It is an unfortunate habit many of us have fallen in to.
You can insert whatever kind of shaming you want, but essentially it boils down to something I do or don’t do that somehow makes me feel superior.
The blogosphere and social media are filled with it.
From women who feel they and superior because they don’t wear pants to moms who don’t allow their kids to watch any TV.
And for the record. Yes, I did do a screen-free series in October but my kids still watch TV sometimes….sometimes more than what I am comfortable with.
There is the Christian shaming of those who celebrate Halloween or various Christian holidays that others deem “pagan”.
Or how about all those anti-black Friday shopper people who made those who shop on Black Friday feel inferior becaus shopping on Black Friday is somehow materialistic.
But isn’t materialism a state of the heart..and not a day of the month?
Perhaps what we haven’t stopped to consider is the families on a super-tight budget who decided to take advantage of the good deals so their kids could have Christmas this year.
That’s not materialistic, it’s frugal. An admirable trait to have!
Now that we’ve entered December, there will be the anti-elf on the shelf people who will make you feel bad if you’re okay with that.

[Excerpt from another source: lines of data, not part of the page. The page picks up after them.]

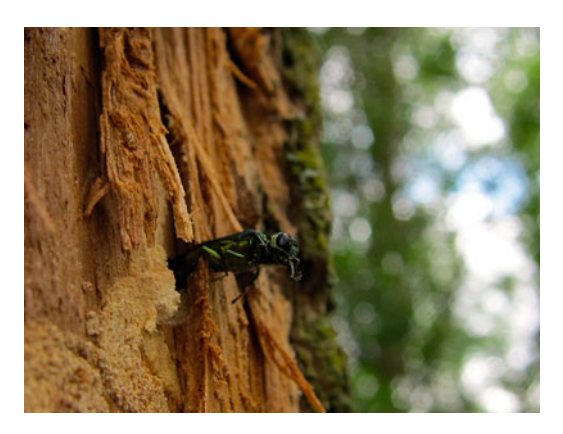
Fig. 5 Emerald Ash Borer emerging from an ash tree
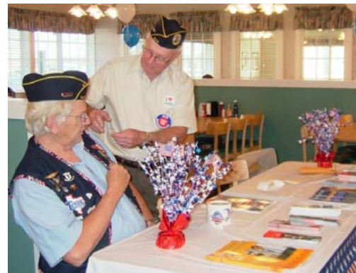
GOLDEN CORRAL 2006
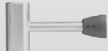
BERGMANN 198 mm - 8" 31,75 mm Ø - 340 g tk 24428-31
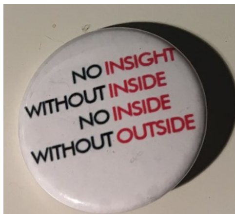
Figure 1: Nunu Otot button badge.

NO INSIGHT WITHOUT INSIDE NO INSIDE WITHOUT OUTSIDE
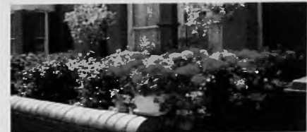
One of last year's finalists makes Barnet bloom
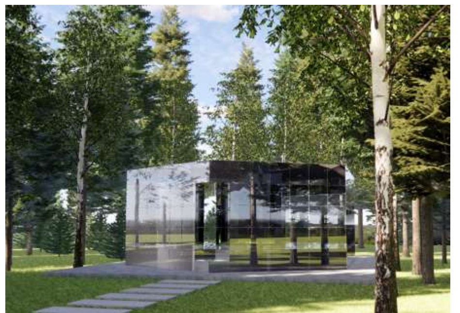
Noah's Garden No. III Full View Perspective
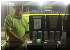
Lights of Hope Event - Greenville

Over the past quarter Trillium participated in community events and provided feedback at speaker forums throughout eastern North Carolina. Pictured below are just a few events Trillium attended. Select the image to learn more.
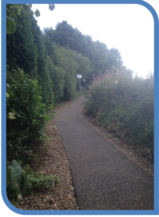
The finished bridleway conforms to the natural contours of the original path and is completely porous. The recycled rubber used within the material not only makes it eco-friendly, it reduces the impact on the leg joints of the horses using the bridleway.
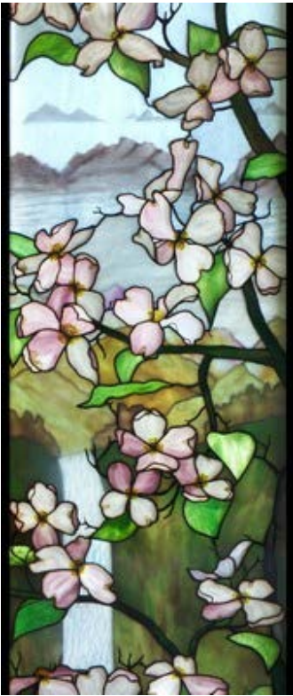
Figure 5: Dogwood Scroll (2007) detail, Robert Oddy.

In some places, this is done by attaching a second layer of glass behind the first; in other places a copper foil overlay is used.
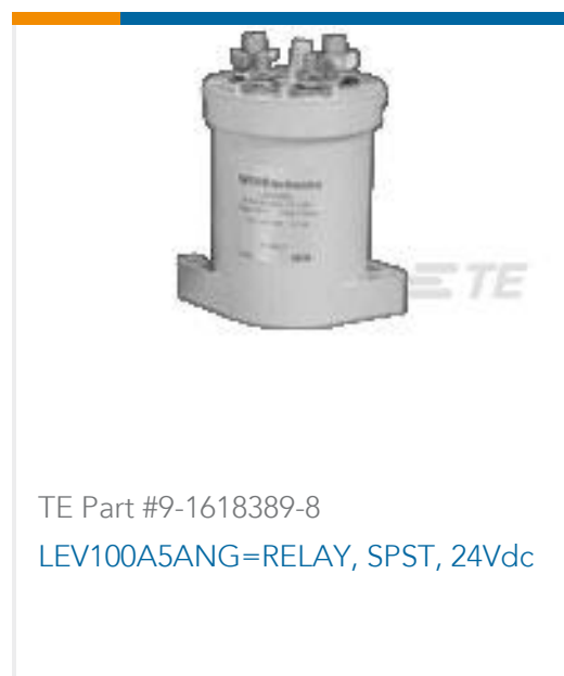
TE Part #9-1618389-8 LEV100A5ANG=RELAY, SPST, 24Vdc
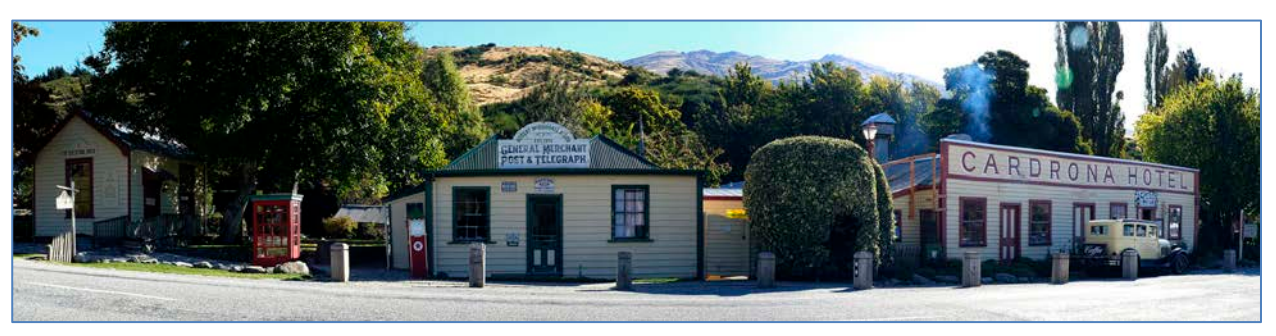
The historic core of Cardrona

I am not crazy about Elf on the Shelf for my own personal reasons.
And that is exactly what it should be.
Unless you can give me a chapter and verse about Halloween, a certain toy, or a day when we should not go shopping, the conviction for or against these is personal.
And you know what?
And I don’t even mind if you share yours with me as long as you give me the opportunity to keep mine without feeling like mine is inferior to yours.

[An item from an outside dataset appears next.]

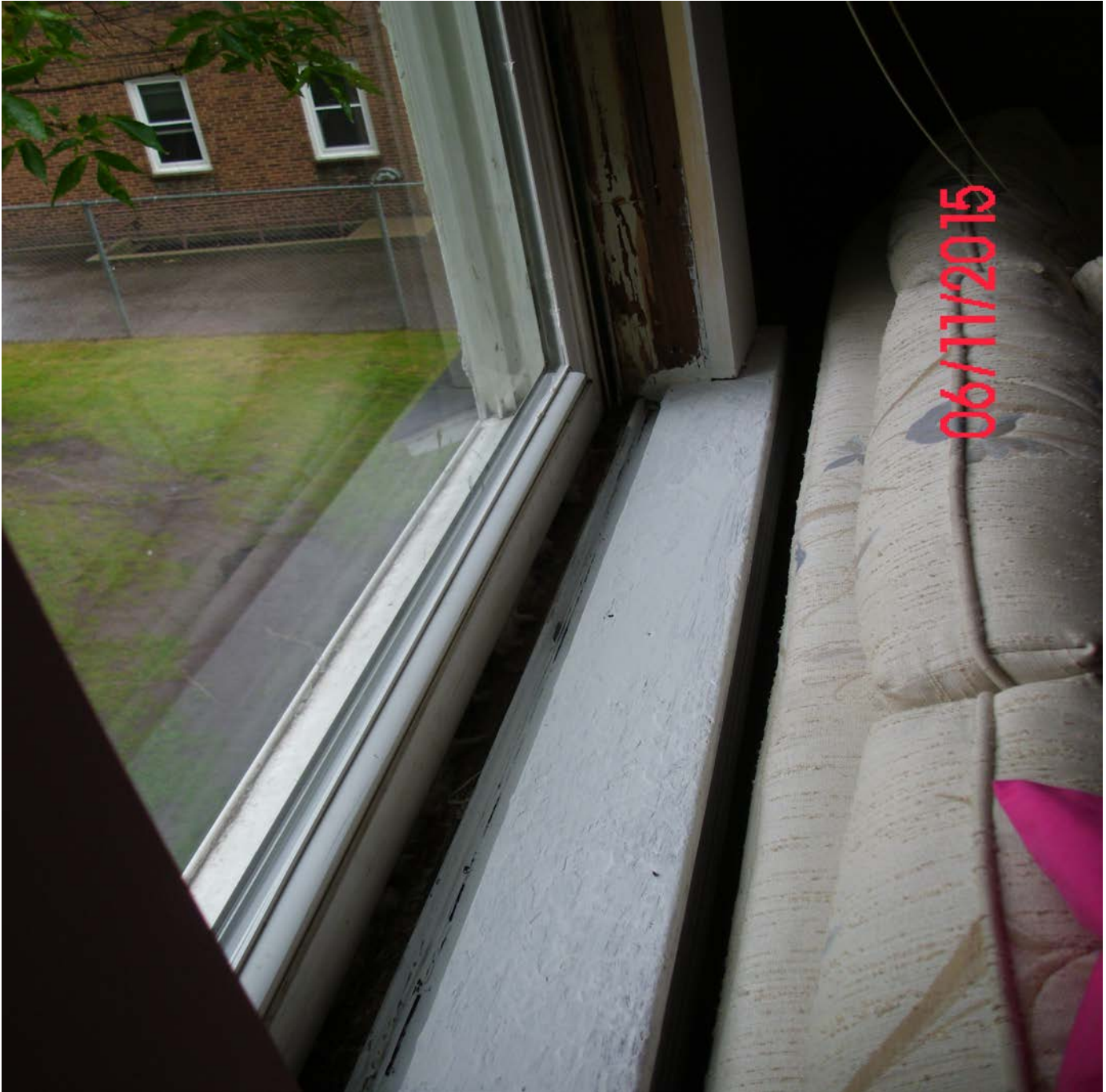
Replacement window not finished. Insulation showing at lower sash/sill

Date: June 12, 2015 File #: 13 - 252825 Folder Name: 1052 ROSS AVE PIN: 282922340015

The danger we often face is this:
The foundation for our personal convictions is a strong belief about something. Because we feel so strongly about that thing, we wish to tell others about our belief and somehow win them over to our way of thinking.
This is not inherently wrong. It is natural for us to want to share our strong beliefs on certain matters, especially as communicators.

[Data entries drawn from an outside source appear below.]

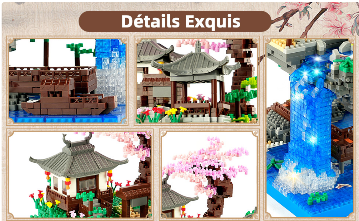
Close-up images highlighting the intricate details of the waterfall, pavilion, and cherry blossom elements.
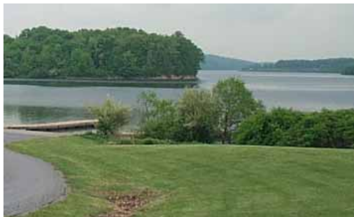
General Area for the New Storage Shed at Watts Bay
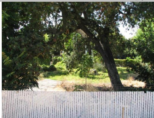
Land side view- Water tower area.

To ask people with personal convictions to keep their opinions to themselves is unfair because it robs the one with convictions of the same freedom we are being robbed of when we feel we’re not allowed to have a differing conviction!
Somehow we have to bring the two camps together:
The one with the strong personal conviction
and the one with the opposing conviction.
I believe that in Jesus Christ there is room for both.
I believe that Paul addressed this when he said, “Whoever regards one day as special does so to the Lord. Whoever eats meat does so to the Lord, for they give thanks to God; and whoever abstains does so to the Lord and gives thanks to God.” Romans 14:6
There is room for us all to have personal convictions, and mutual respect at the same time.
I urge you this holiday season to do the following:
If someone wishes you “Happy Holidays” instead of Merry Christmas, genuinely look them in the eyes and wish them whatever greeting you choose to use. But don’t use it as a weapon, use it as a bridge!
If you choose not to celebrate Christmas, graciously embrace those who do without making them feel like they are compromising their faith by doing so. Build a bridge!
If a mom takes pictures of a naughty elf about her house doing silly things, please don’t make her feel like she’s inferior because your family has chosen not to do Elf on the Shelf. If you do Melk or another fun Christmas activity with your kids, rock it! Take pictures and show us! There’s room for us all! Let’s build a bridge!
If a woman got a good deal on Black Friday – whether online or she braved the busy stores – congratulate her! Build a bridge!
Let’s purpose this year to stop the mom, parent, Christian shaming and build bridges by accepting each others personal convictions with the grace and love of Jesus Christ!!